§ **WHAT IS NEEDED**:
Without including any pictures, write out the listing below exactly.

RAW DATA: Begin

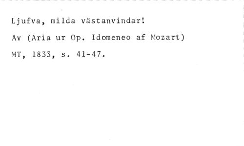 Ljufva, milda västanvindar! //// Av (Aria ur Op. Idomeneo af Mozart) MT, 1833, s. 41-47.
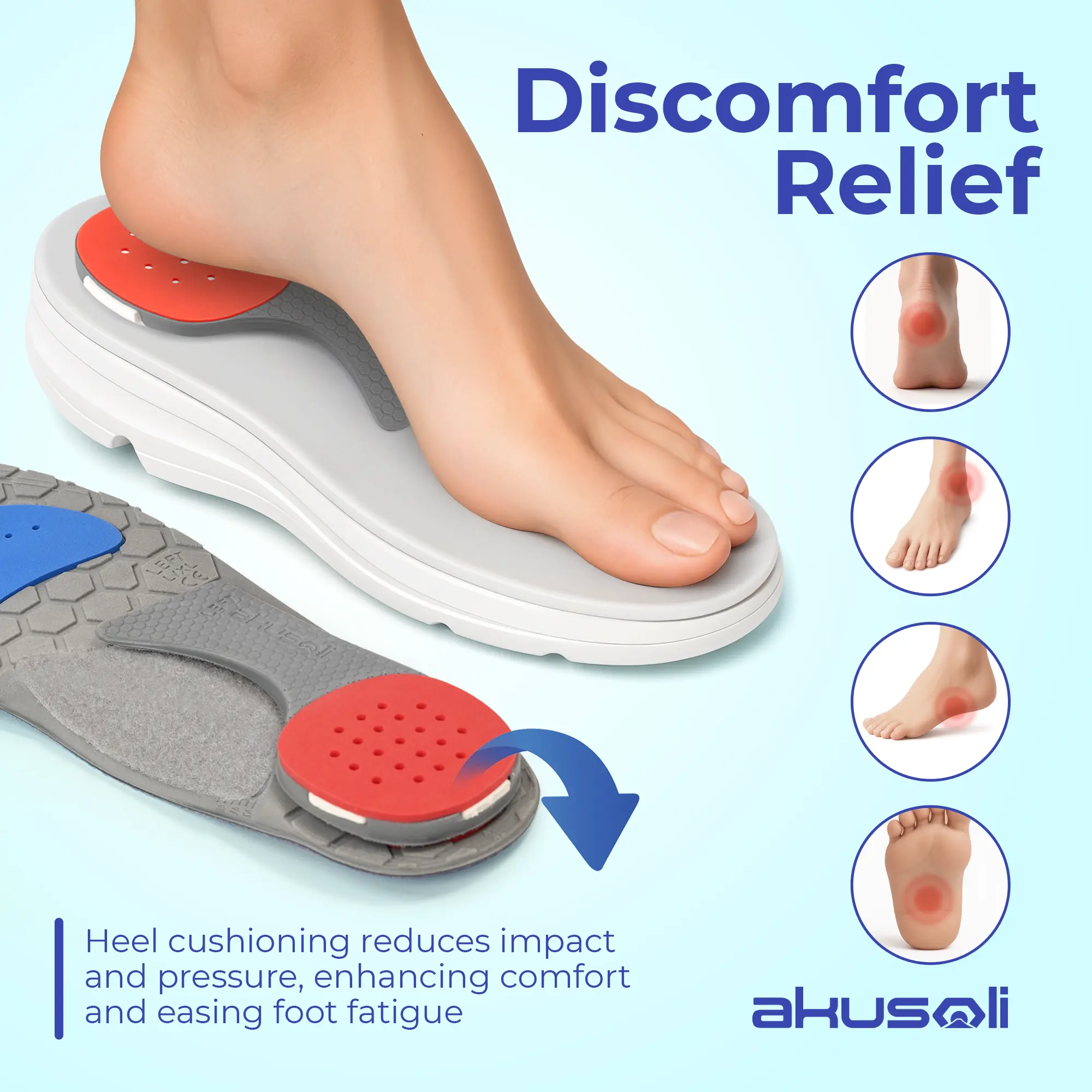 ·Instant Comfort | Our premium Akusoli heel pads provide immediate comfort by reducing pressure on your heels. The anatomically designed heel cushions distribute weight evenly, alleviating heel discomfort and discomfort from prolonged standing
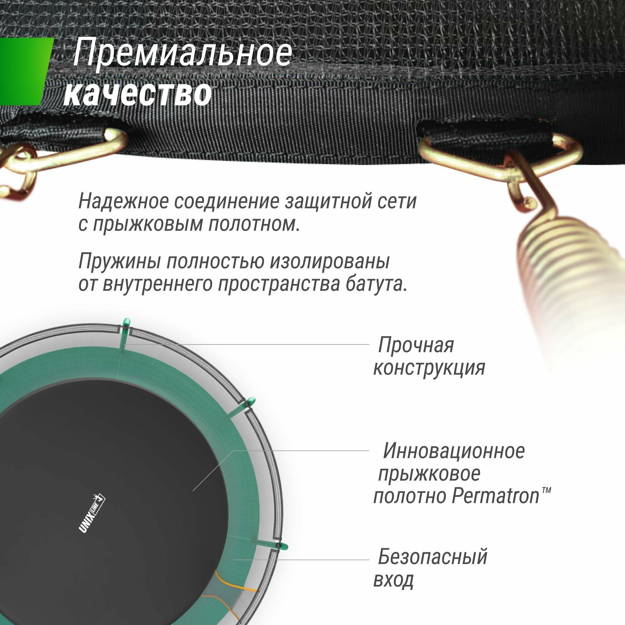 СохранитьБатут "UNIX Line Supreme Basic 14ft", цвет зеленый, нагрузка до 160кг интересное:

RAW DATA: End

§ **RESPONSE AREA**:
 Ljufva, milda västanvindar! //// Av (Aria ur Op. Idomeneo af Mozart) MT, 1833, s. 41-47.
 ·Instant Comfort | Our premium Akusoli heel pads provide immediate comfort by reducing pressure on your heels. The anatomically designed heel cushions distribute weight evenly, alleviating heel discomfort and discomfort from prolonged standing
 СохранитьБатут "UNIX Line Supreme Basic 14ft", цвет зеленый, нагрузка до 160кг интересное:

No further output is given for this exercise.